Tavon looked up. ‘What is it, Lieutenant?’

‘I’m not certain where we’ll find supplies enough for the entire battalion for that length of time.’

‘Then we will make the journey in fewer days. We’ll run the men day and night.’

‘Yes, ma’am, but-’

‘Lieutenant,’ Tavon cut him off. ‘I am not stupid.’

‘No, ma’am. Of course not, ma’am.’ Blackford kept his eyes on his boots.

‘I know that you have been keeping this battalion running smoothly and well-supplied for the past thirty-five Twinmoons.’

Yes, ma’am. Thank you, ma’am.’ His hands shook, and he clasped them together behind his back.

‘So I am not going to kill you, Lieutenant,’ Major Tavon clarified, as if it had been obvious all along. ‘Naked and drunk you’re still worth more to me than any dozen of these rutters.’

Lieutenant Blackford had no idea what a dozen might be; he promised himself he would ask Hershaw when he escaped the office. ‘Thank you, ma’am,’ he muttered. He could think of nothing else to say.

‘So I want you to figure this out, Lieutenant. You have until the dinner aven tonight. We’ll march south after everyone has eaten.’ Tavon returned to her map.

‘That’s just it, ma’am,’ Blackford said. ‘There isn’t enough food. We have daily shipments from Orindale, but we have never had the entire battalion stationed in Wellham Ridge at the same time, so we haven’t ever stockpiled that much food, that many blankets, tent shelters, boots, uniforms, any of it.’

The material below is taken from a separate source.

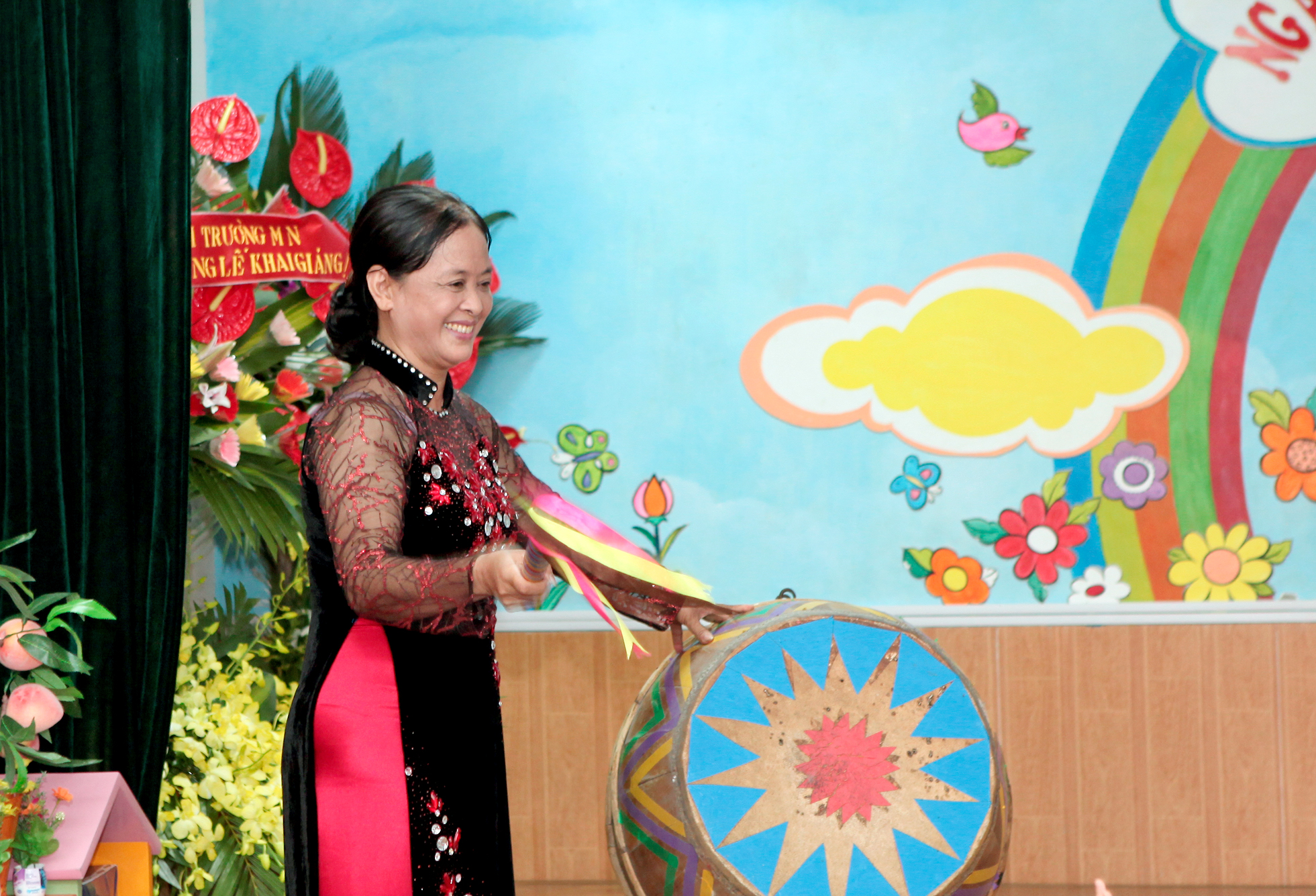 NGƯT Nguyễn Thị Dứa đánh trống khai giảng năm học mới

Major Tavon glared at him. ‘Mark me, Lieutenant Blackford. I don’t give a pinch of pigeon shit if half the men expire from hunger, cold or even herpes between here and Meyers’ Vale. It is your job to locate supplies and resources for this battalion. You have done an admirable job of it in the past, and that is why you are still standing here breathing. Take what you require from Wellham Ridge itself. Break into civilian homes, requisition their blankets, food, carts, horses, even trainers, if that’s what you need, but have this battalion ready to move by the dinner aven!’